Alterations of the skeletal muscle nuclear proteome after acute exercise reveals a post-transcriptional influence.

UNLABELLED

Exercise is firmly established as a key contributor to overall well-being and is frequently employed as a therapeutic approach to mitigate various health conditions. One pivotal aspect of the impact of exercise lies in the systemic transcriptional response, which underpins its beneficial adaptations. While extensive research has been devoted to understanding the transcriptional response to exercise, our knowledge of the protein constituents of nuclear processes that accompany gene expression in skeletal muscle remains largely elusive. We hypothesize that alterations in the nuclear proteome following exercise hold vital clues for comprehending the transcriptional regulation and other related nuclear functions. We isolated skeletal muscle nuclei from C57BL/6 mice both sedentary control and one-hour post 30-minute treadmill running, to gain insights into the nuclear proteome after exercise. A substantial number of the 2,323 proteins identified, were related to nuclear functions. For instance, we found 59 proteins linked to nucleocytoplasmic transport were higher in sedentary mice compared to exercise, hinting at an exercise-induced modulation to nuclear trafficking. Furthermore, 135 proteins exhibited increased abundance after exercise (FDR < 0.1) while 89 proteins decreased, with the most prominent changes in proteins linked to mRNA processing and splicing. Super resolution microscopy further highlights potential localization change in mRNA processing proteins post-exercise, further suggesting changes in nuclear transport dynamics. Nonetheless, our data provide important considerations for the study of the nuclear proteome and supports a paradigm through which exercise downregulated mRNA processing and splicing, offering valuable insights into the broader landscape of the impact from acute exercise.

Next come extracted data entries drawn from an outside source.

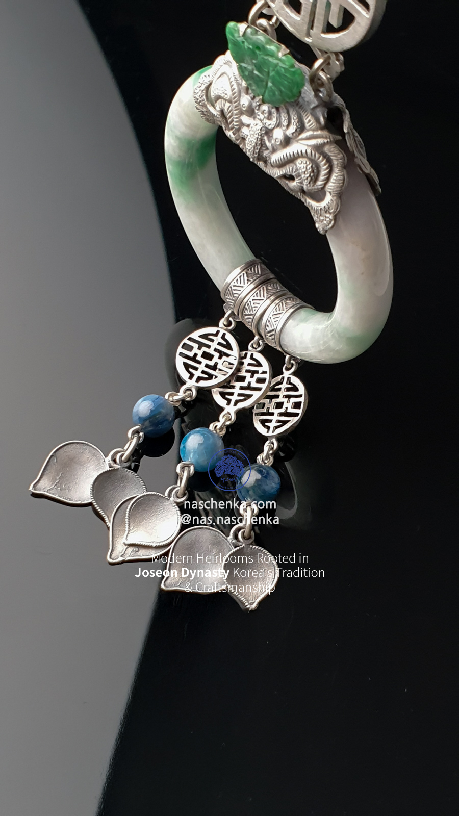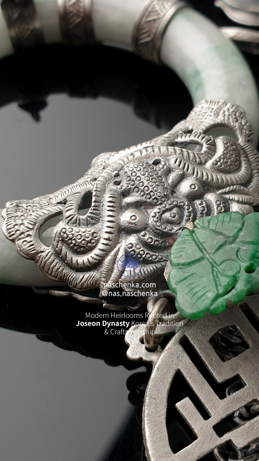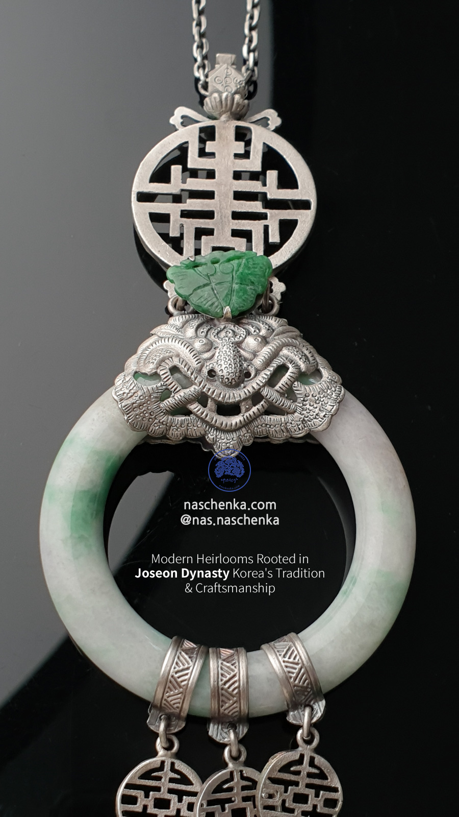 이 작품은 전통 노리개, 팬던트, 가방 참 등 다양한 방식으로 활용할 수 있는 다목적 하이엔드 장신구입니다.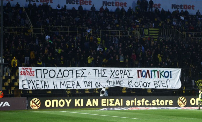 To πανό φίλων του Άρη για τους πολιτικούς (pic)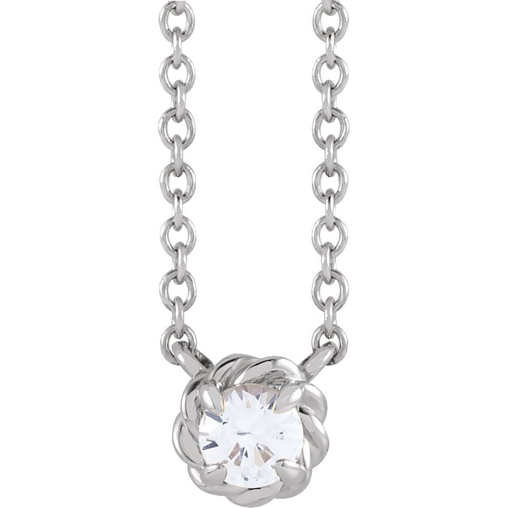 Platinum 4.5mm Round Shape White Sapphire Claw-Prong Rope Solitaire Necklace (6.86x6.78mm), 18"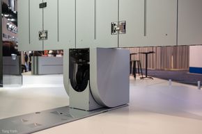 Sẽ mất 60 giây để dựng màn hình lên độ cao và thêm 20 giây nữa để 5 mảnh ghép của màn hình bung ra như một chiếc TV thông thường.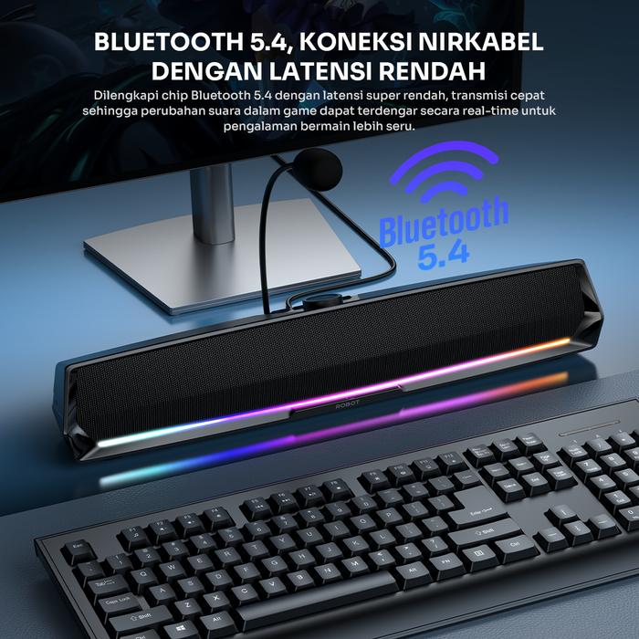 ROBOT Soundbar Speaker Komputer Gaming For PC Computer RS500 Bluetooth 5.4 Gaming Double Bass RGB

NEW & NOTEWORTHY: Exercise plays a crucial role in promoting muscle health, but our understanding of nuclear proteins orchestrating exercise responses is limited. Isolation of skeletal muscle nuclei coupled with mass spectrometry enhanced the identification of nuclear proteins. This approach was used to investigate the effects of acute exercise, revealing changes in the muscle nuclear proteome 1-hour post-exercise, including proteins linked to post-transcriptional processing and splicing. Our findings offer insights into the exercise-induced changes within muscle nuclear proteins.